*Exercise description*:
Output the listing below verbatim, without images.

*Given data*:

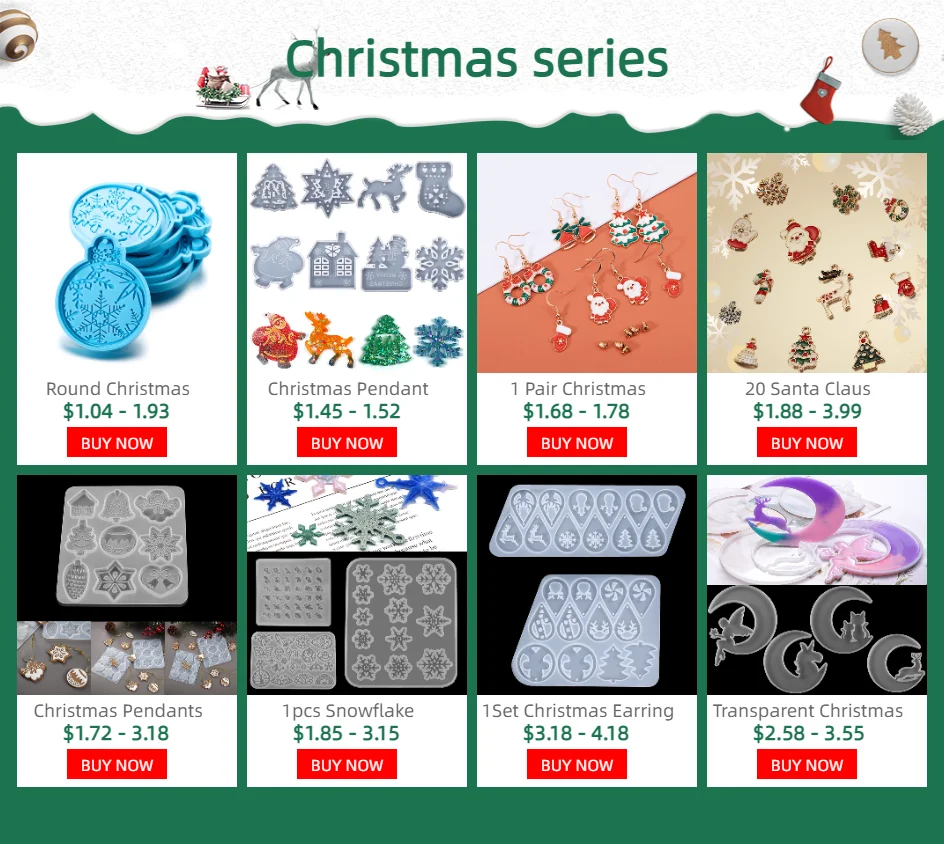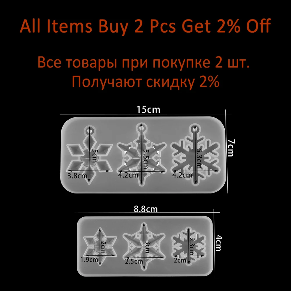 구멍이있는 멀티 스타일 눈송이 실리콘 몰드 펜던트 에폭시 수지 몰드 크리스마스 트리 매달려 홈 인테리어 DIY 쥬얼리 만들기
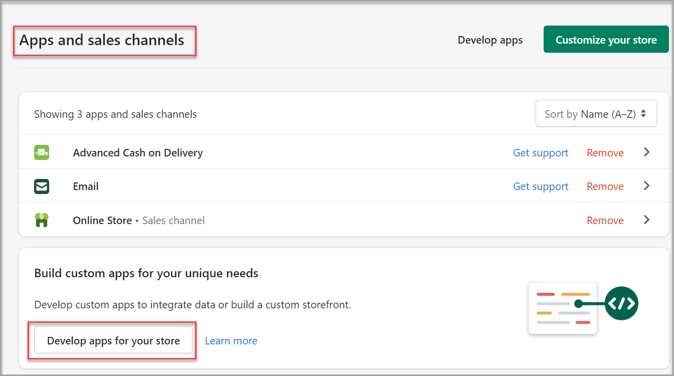 - Click Develop apps for your store.
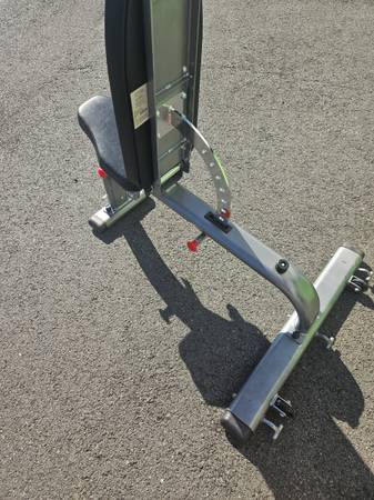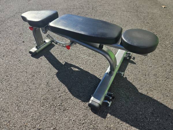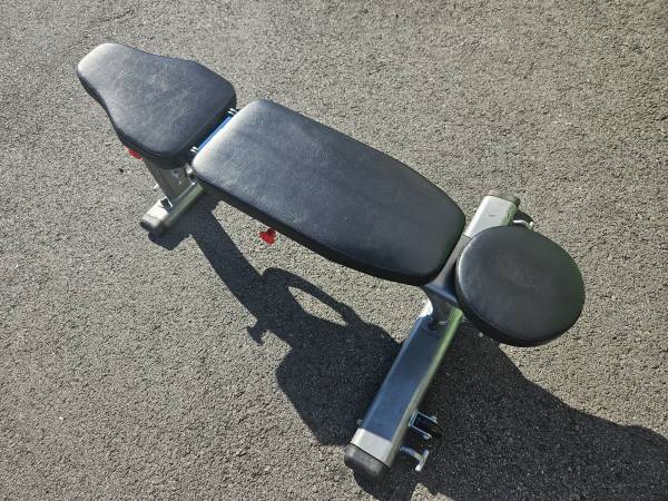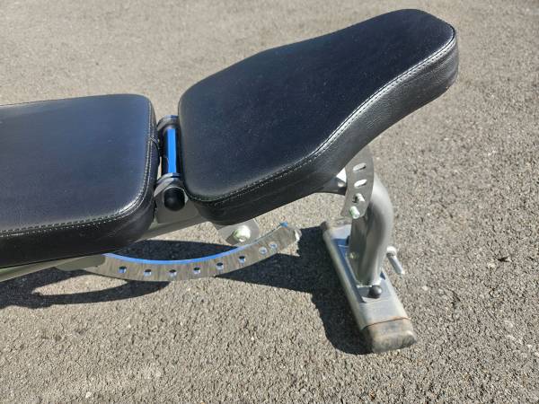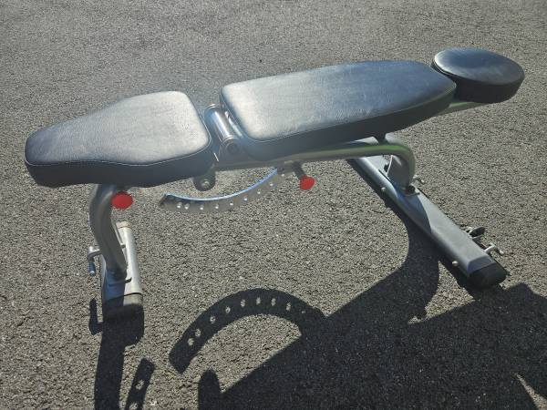 Adjustable with flat, incline, and decline settings. Seat and back pad adjust easily with pop pins. Bench has wheels and a handle to move around easily. Small areas with paint chips / rust at bottom edges but great condition, used in home gym.

*Response*:
 구멍이있는 멀티 스타일 눈송이 실리콘 몰드 펜던트 에폭시 수지 몰드 크리스마스 트리 매달려 홈 인테리어 DIY 쥬얼리 만들기
 - Click Develop apps for your store.
 Adjustable with flat, incline, and decline settings. Seat and back pad adjust easily with pop pins. Bench has wheels and a handle to move around easily. Small areas with paint chips / rust at bottom edges but great condition, used in home gym.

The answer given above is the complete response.